Visitados por el sol en horas de sombra, los peces grises del estanque
bostezaban en agua musgosa y tibia, mirando con el ojo redondo aquellos
obreros, negros sobre claro de cielo, que iban rebajando la altura secular de
la casa. El viejo se había sentado, con el cayado apuntalándole la barba, al
pie de la estatua. Miraba el subir y bajar de cubos en que viajaban restos
apreciables. Oíanse, en sordina, los rumores de la calle mientras, arriba, las
poleas concertaban, sobre ritmos de hierro con piedra, sus gorjeos de aves
desagradables y pechugonas.
Dieron las cinco.

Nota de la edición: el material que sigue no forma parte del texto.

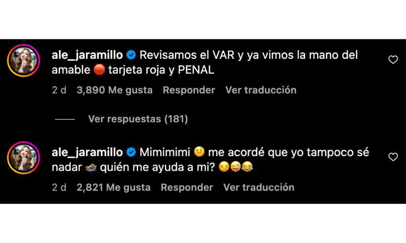 Aunque los comentarios de Alejandra reflejan un tono jocoso con el que ya es conocida en sus redes, la opinión de los usuarios se dividió entre los que de igual forma tomaron con humor el momento y los que no estuvieron de acuerdo con que el colombiano ayude a la dama en traje de baño.
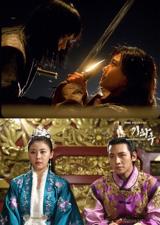 하지만 이런 하지원의 남성적인 움직임은 그녀 연기의 폭을 넓혀주는 무기이지만 동시에 비밀스러운 베일의 역할을 한다. 바로 딱딱한 남성스러운 팔다리의 움직임이 치맛자락과 길게 푼 머리에 가려질 때 여성스러운 매력이 드라마틱하게 피어나기 때문이다. <기황후>에서 승냥이가 당기세에게 여성임을 들키고 여자의 모습으로 나타났을 때가 바로 그런 순간이다. 겨우 몇 분 전까지 보여줬던 남성적인 모습과 대비되면서 다른 여배우들에게 찾아보기 힘든 하지원만의 매력이 극대화된다.
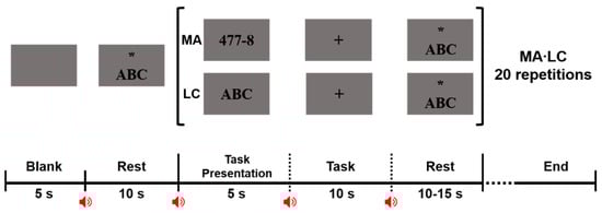 Experimental paradigm of one session used in the main experiment. In the beginning of each session, a rest period of 10 s is performed. The string ‘ABC’ and an asterisk are presented to indicate a rest period and the subject is asked to fix the eyes to the asterisk to minimize ocular movement. After the rest period, either mental arithmetic (MA) or light cognitive (LC) task is randomly performed. For MA, a pair of a three-digit number and a single-digit number between 5 and 9 is randomly presented, and the subject is asked to sequentially subtract the single-digit number from the three-digit number (e.g., 477 − 8) for 10 s. For LC, the string ‘ABC’ is presented, and the subject is asked to internally imagine vocalization of the English alphabet from A to Z with a 1 Hz speed for 10 s. Both MA and LC are performed ten times in each session, and each subject completes five sessions (50 MA and 50 LC in total). A short beep (300 ms) is presented at every screen transition (red speaker icons).
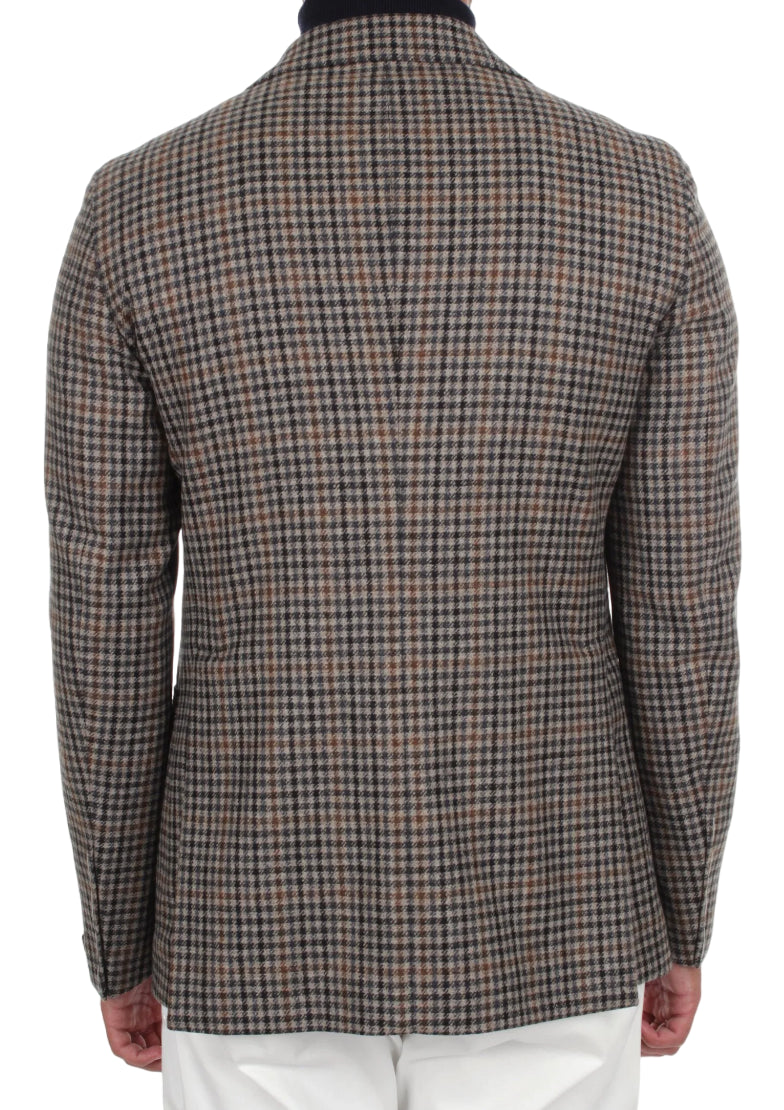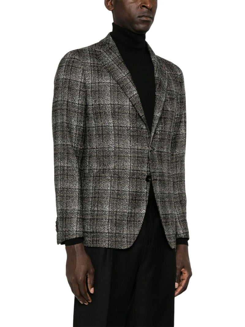 TAGLIATORE GIACCA MONOPETTO MISTO LANA FANTASIA QUADRI MARRONE
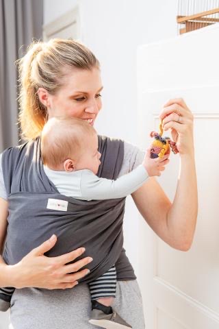 Our first sling, 25 years of service and still the best elastic sling! Unique knitting method that gives just enough elasticity to the sling for easy donning and also provides excellent support and prevents bouncing The Tricot-Slen is a long and comfortable sling made of 100% organic cotton. It allows you and your darling to wear it in several ways. You can position your sunshine in the sling both lying and sitting. Your baby’s back and head are perfectly supported. The Trciot-Slen is extremely comfortable for parents because the weight is optimally distributed over the shoulders, back and hips. The total length of the sling is 5.6 metres and is suitable from birth to approx. 18 kilograms.- Can be used from birth to approx. 18 kg
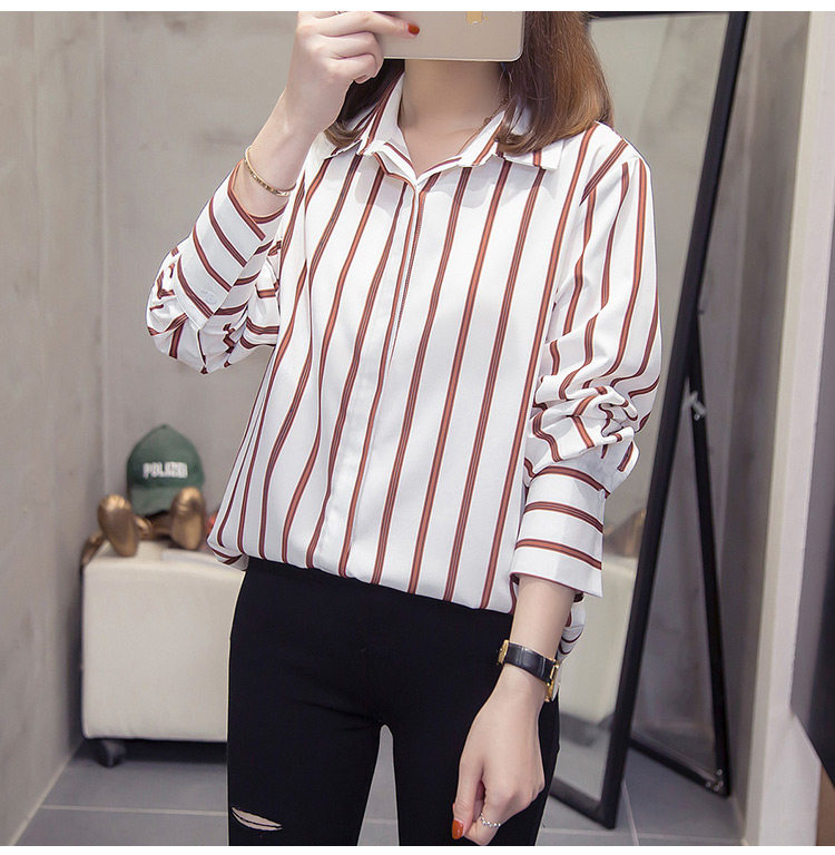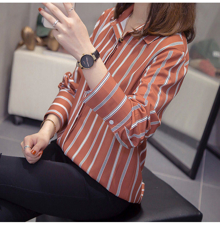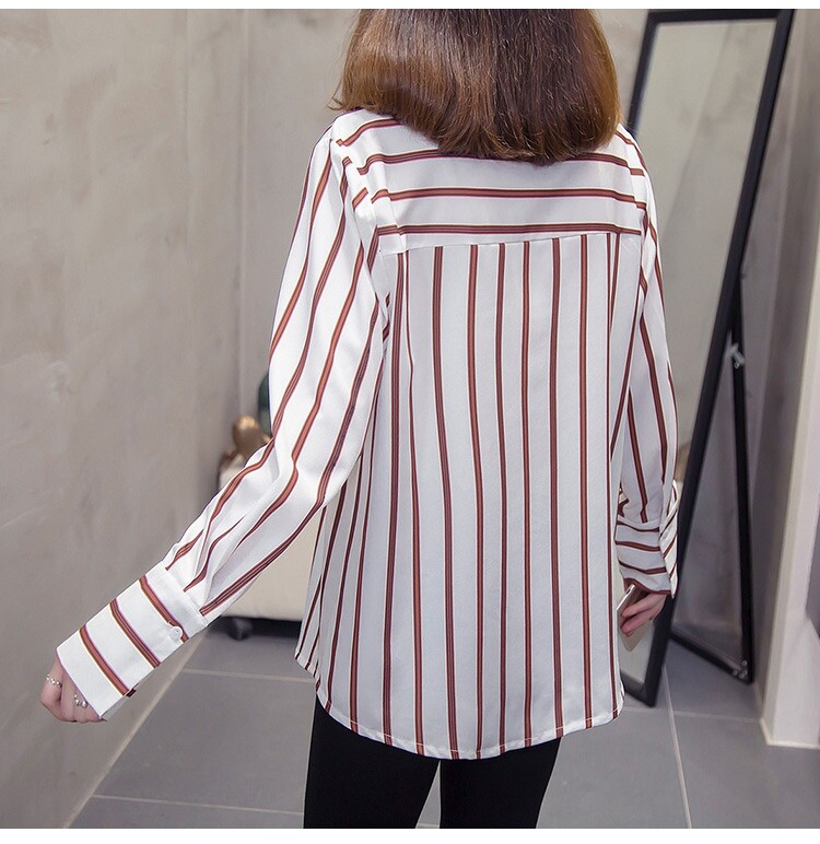Новые женские блузки, рубашки, весенний стиль, элегантные офисные женские топы, модные повседневные свободные рубашки в полоску с длинным рукавом для женщин
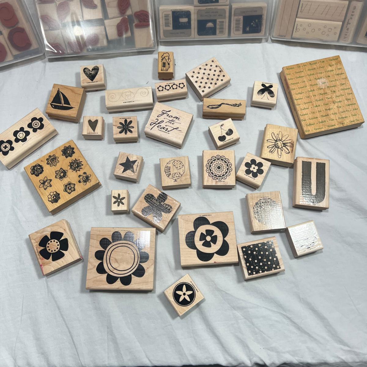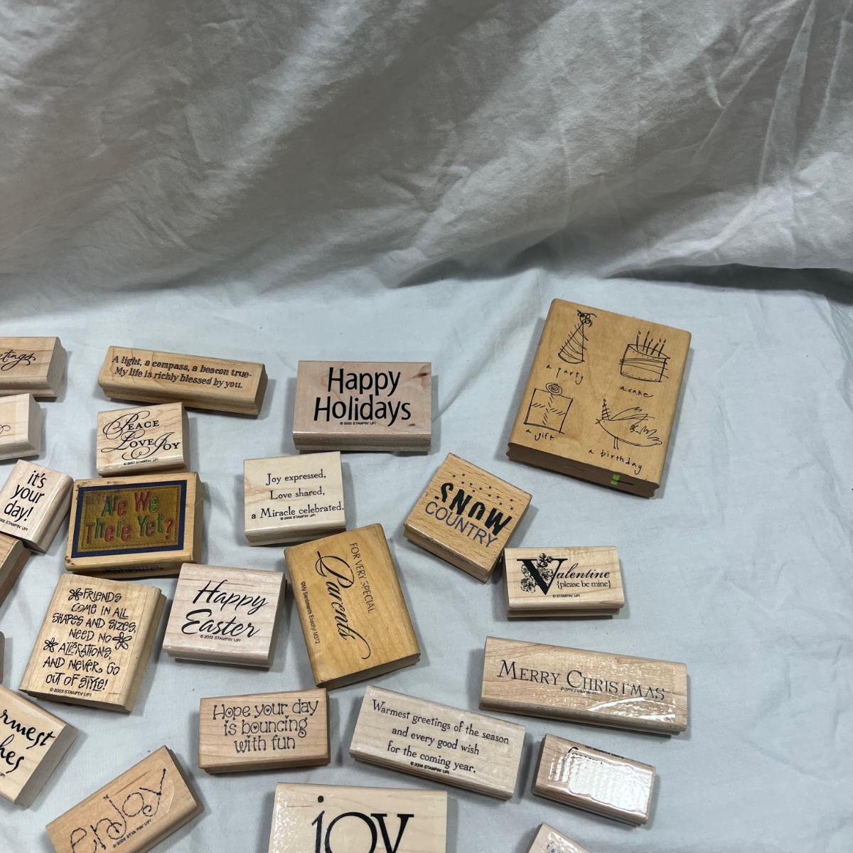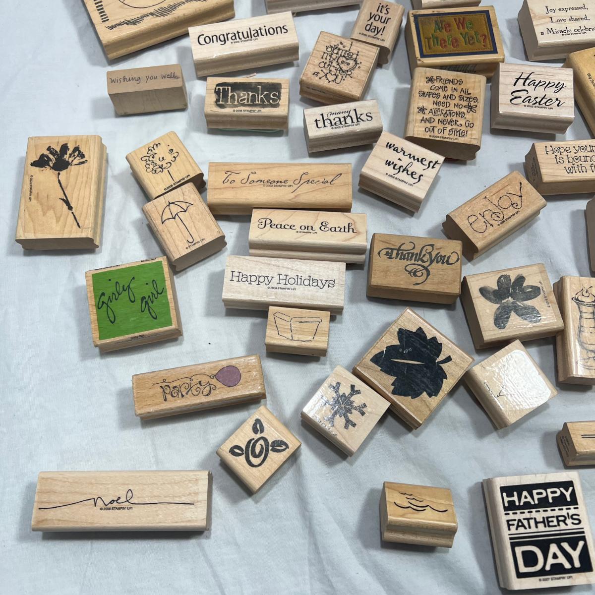 Assorted Crafting Stamps, there is a mixture of designs phrases and Holidays. There are 55 stamps in this Collection.

Las cornisas y
entablamentos se despoblaron. Sólo quedaron escaleras de mano, preparando el
salto del día siguiente. El aire se hizo más fresco, aligerado de sudores,
blasfemias, chirridos de cuerdas, ejes que pedían alcuzas y palmadas en torsos
pringosos. Para la casa mondada el crepúsculo llegaba más pronto. Se vestía de
sombras en horas en que su ya caída balaustrada superior solía regalar a las
fachadas algún relumbre de sol. La Ceres apretaba los labios. Por primera vez
las habitaciones dormirían sin persianas, abiertas sobre un paisaje de
escombros.
Contrariando sus apetencias,
varios capiteles yacían entre las hierbas. Las hojas de acanto descubrían su
condición vegetal. Una enredadera aventuró sus tentáculos hacia la voluta
jónica, atraída por un aire de familia. Cuando cayó la noche, la casa estaba
más cerca de la tierra. Un marco de puerta se erguía aún, en lo alto, con
tablas de sombras suspendidas de sus bisagras desorientadas.
II
Entonces el negro viejo, que no
se había movido, hizo gestos extraños, volteando su cayado sobre un cementerio
de baldosas.
Los cuadrados de mármol, blancos
y negros, volaron a los pisos, vistiendo la tierra. Las piedras con saltos
certeros, fueron a cerrar los boquetes de las murallas. Hojas de nogal
claveteadas se encajaron en sus marcos, mientras los tornillos de las charnelas
volvían a hundirse en sus hoyos, con rápida rotación.
En los canteros muertos,
levantadas por el esfuerzo de las flores, las tejas juntaron sus fragmentos,
alzando un sonoro torbellino de barro, para caer en lluvia sobre la armadura
del techo. La casa creció, traída nuevamente a sus proporciones habituales,
pudorosa y vestida. La Ceres fue menos gris. Hubo más peces en la fuente. Y el
murmullo del agua llamó begonias olvidadas.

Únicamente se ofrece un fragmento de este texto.